Versi-versi individual yang berbeda-beda dalam tiap mitos, yaitu aspek parole-nya,
diturunkan dari dan memberikan kontribusi pada struktur dasar langue-nya. Sebuah mitos, secara
individual, selalu dikisahkan dalam suatu waktu: ia menunjuk pada kejadian-kejadian yang
dipercaya begitu saja pernah terjadi di waktu lampau, namun pola spesifik atau strukturnya
dikatakan sebagai sesuatu yang kekal dan ahistoris: ia merangkum mode penjelasan tentang
kekinian dengan apa yang terjadi di masa lalu dan sekaligus masa depan.
B. Psychoanalysis
Konsep Freud yang paling mendasar adalah teorinya tentang ketidaksadaran.
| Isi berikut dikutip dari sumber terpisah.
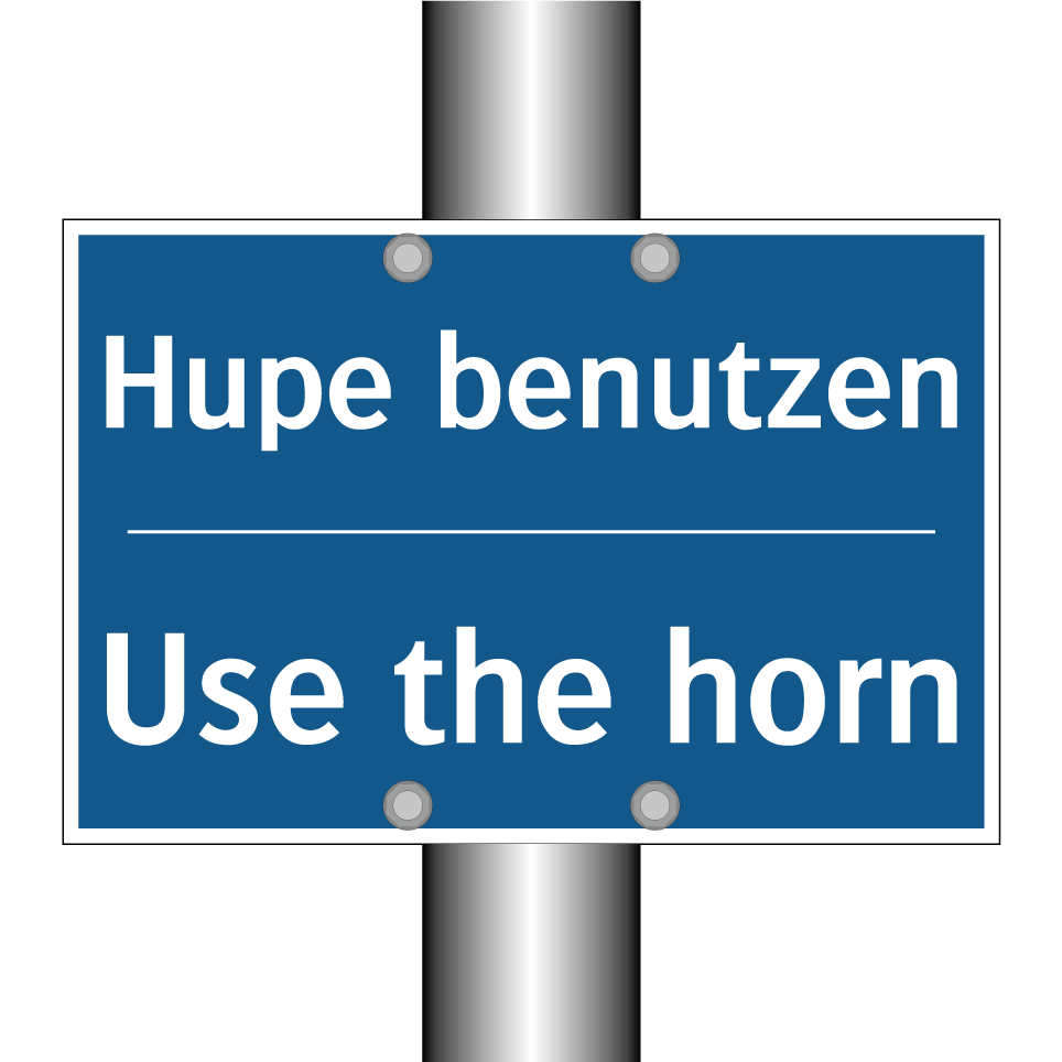 Zweisprachiges Verbotsschild mit deutschem Text Hupe benutzen und englischem Text Use the horn
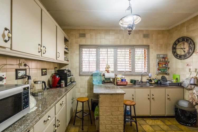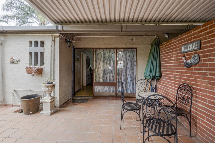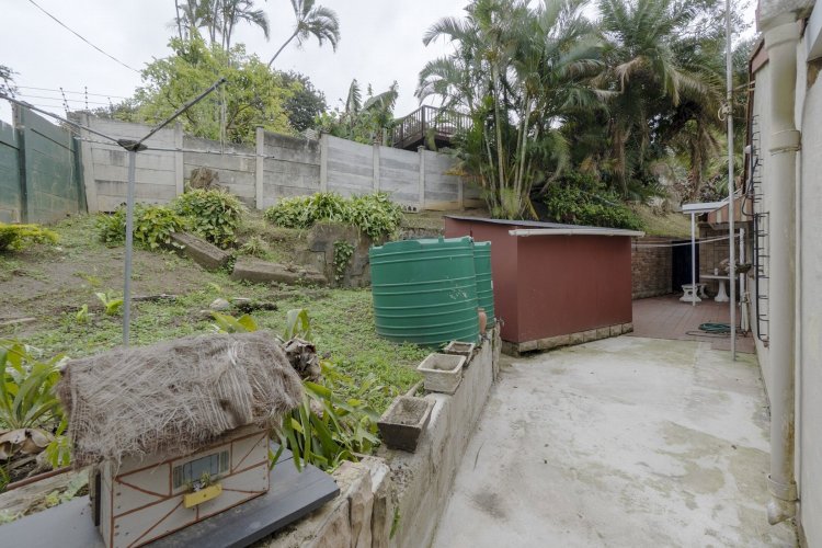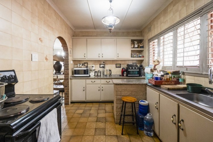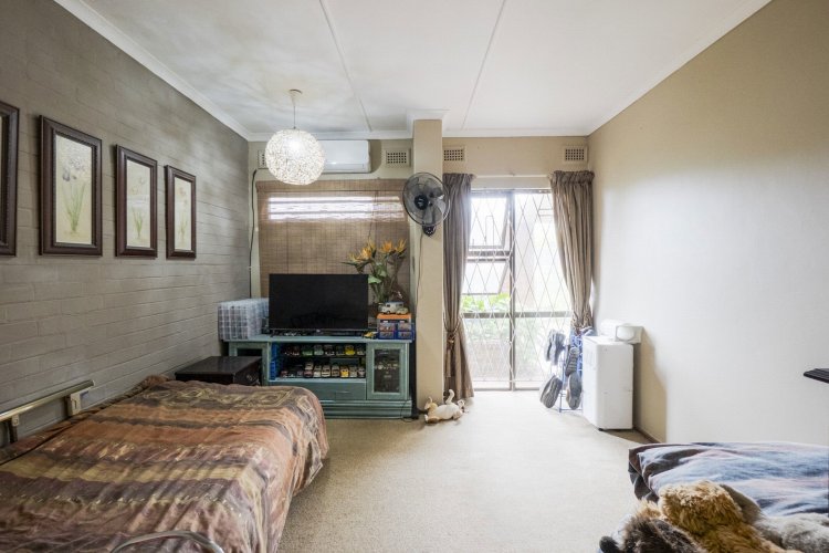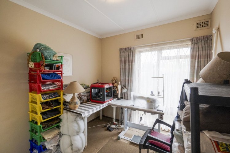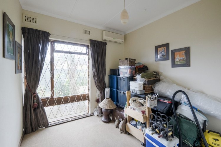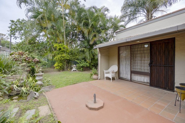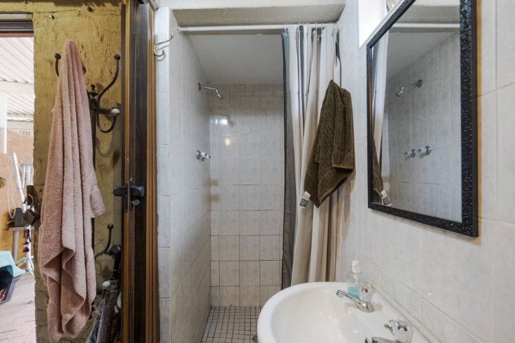 There is one full bathroom (bathtub, basin, toilet) and an additional separate toilet. Two of the bedrooms feature air conditioning units. The property boasts a spacious, well-maintained garden with a garden shed, two JoJo tanks for water storage, and a fully enclosed perimeter. Security is ensured by an automated sliding gate.

Pada
awalnya, Freud membagi taraf kesadaran manusia menjadi tiga lapis, yakni lapisan unconscious
(taksadar), lapisan preconscious (prasadar), dan lapisan conscious (sadar). Di antara tiga lapisan
itu, taksadar adalah bagian terbesar yang memengaruhi perilaku manusia. Freud
menganalogikannya dengan fenomena gunung es di lautan, di mana bagian paling atas yang
tampak di permukaan laut mewakili lapisan sadar. Prasadar adalah bagian yang turun-naik di
bawah dan di atas permukaan. Sedangkan bagian terbesar justru yang berada di bawah laut,
mewakili taksadar.
Superego muncul akibat persentuhan dengan manusia lain (aspek sosial). Dalam
keluarga, superego ditanamkan oleh orang tua dalam bentuk ajaran moral mengenai baik dan
buruk, pantas dan tidak pantas, dsb. Superego muncul sebagai kontrol terhadap id, terutama jika
keinginan id itu tidak sesuai dengan moralitas masyarakat. Superego selalu menginginkan
kesempurnaan karena ia bekerja dengan prinsip idealitas.